" Il y a quelques semaines, j’étais à
Berlin. Dans des magasins, il y avait des morceaux du
mur de Berlin en vente. Le jour viendra, comme ici à
Bil’in, dans un Etat palestinien libre, où
quelqu’un pourra acheter un morceau du mur que nous
combattons aujourd’hui. "
Un score final de 1 à 1 ce n’était
certes pas le plus impressionnant, mais pour les jeunes
de Bil’in, c’était une performance magnifique. Pour
eux, le résultat n’était pas le plus important, même
pas le match en lui-même (contre une équipe de Betunya,
une ville toute proche). Ce qui était important, c’était
l’endroit où avait lieu ce match : un terrain de
foot improvisé, nivelé hâtivement, sur la terre qui
avait été volée au village par le mur de séparation.

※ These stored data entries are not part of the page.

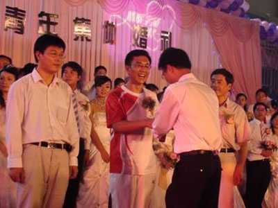 這次走訪宇通另一項重要的工作就是參加宇通第三屆的集體婚禮,婚禮的日期是在 2008 年的 8 月 8 日 ,也是舉世矚目的第二十九屆北京奧運會舉辦之際,可以說宇通的這次集體婚禮意義非凡,在婚禮的現(xiàn)場,以王總為代表的三名火炬手手持火炬登上舞臺,三個火炬在三十八對新人手中相互傳遞,我能感受到一種奧運的精神在傳遞,一種宇通的精神在傳遞,三十八對新人祝宇通的明天更加美好,從他(她)們洋溢著幸福的臉上看到宇通充滿希望的明天。宇通人文管理的精髓在這次集體婚禮中得到完美的體現(xiàn)。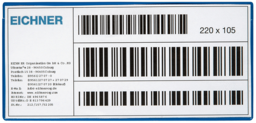"metaDescription": "EICHNER Pochette magnétique pour étiquettes - Hxl 105x220mm, magnétique, PVC, bleu/transparent",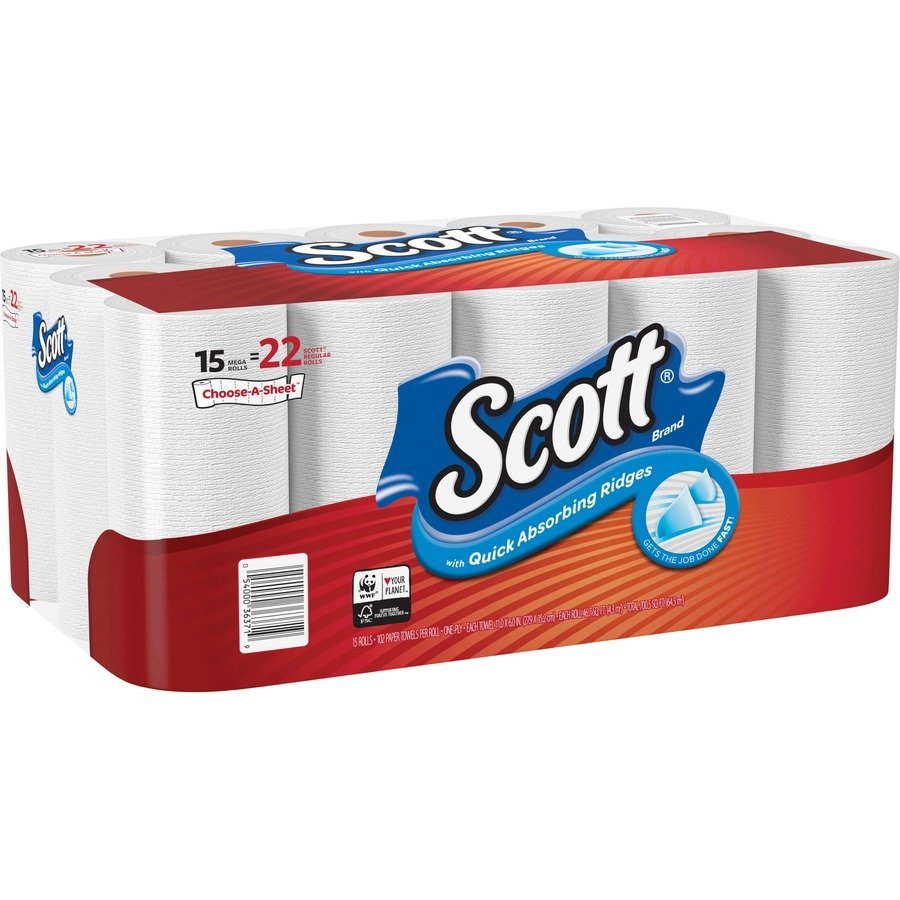 Disposable kitchen paper towels soak up spills quickly with Quick Absorbing Ridges. Scott brand delivers the quality you can rely on. Choose-a-sheet design allows you to grab exactly what you need to prevent wasteful use. Mega rolls provide more towels in every roll to prevent frequent roll changes in busy environments.

Le match faisait partie d’un évènement
unique. C’est dans ce pauvre, dans ce petit village
avec ses 1 500 habitants, dont on avait bien peu entendu
parler avant sa bataille héroïque contre le mur, que
s’est tenue « la Conférence internationale sur
le Combat non violent contre le mur ». Dans le
cadre de cet évènement qui a duré deux jours, toute
une gamme d’activités étaient proposées : des
rapports et des débats sur cette lutte, l’attribution
de Boucliers honorifiques aux familles des 9 personnes
qui ont perdu la vie dans ce combat contre le mur, la
plantation de plants d’oliviers sur la terre volée,
l’inauguration du terrain de football et le match
lui-même.
J’ai eu l’honneur d’être l’un
des intervenants à l’ouverture de la Conférence
devant un public de 300 personnes : des habitants
de Bil’in, des membres du Parlement palestinien, des
représentants des luttes contre le mur engagées dans
les différents secteurs, des militants israéliens pour
la paix et des délégations d’associations européennes
de solidarité. Voici mon intervention :
Chers amis,
Chaque fois que je viens à Bil’in, je
suis enthousiaste et heureux. Ce village, ce petit
village, est devenu un symbole en Palestine, en Israël,
en fait, dans le monde. Votre combat reflète le combat
du peuple palestinien tout entier. Trois points
distinguent le combat de Bil’in, trois caractéristiques
qui forment un tout et qui rendent Bil’in aussi
extraordinaire qu’il l’est : premièrement, la
ténacité, la persévérance et le courage du peuple
palestinien ; deuxièmement, son unité avec le
camp israélien pour la paix ; troisièmement, le
soutien du mouvement de solidarité dans le monde. On
peut encore y ajouter une autre particularité qui
marque l’exemplarité de Bil’in : la non
violence absolue de son combat.
Il y a quelques jours, le Dalaï Lama
est venu dans ce pays. Il a rencontré des gens
importants, des célébrités, et s’est même fait
prendre en photo avec eux. Je lui aurais recommandé de
venir à Bil’in et d’y prendre une leçon de non
violence. Quand nous essayons d’analyser cette lutte,
nous devons toujours en revenir au fond de la question :
dans ce pays, vivent deux peuples, deux nations, et le
but de nos efforts est d’y instituer la paix, une paix
basée sur la justice. Le conflit israélo-palestinien
ne ressemble à aucun autre combat dans le monde. Ce
n’est pas un remake de celui d’Afrique du Sud, ni
une seconde édition de la guerre de Libération algérienne.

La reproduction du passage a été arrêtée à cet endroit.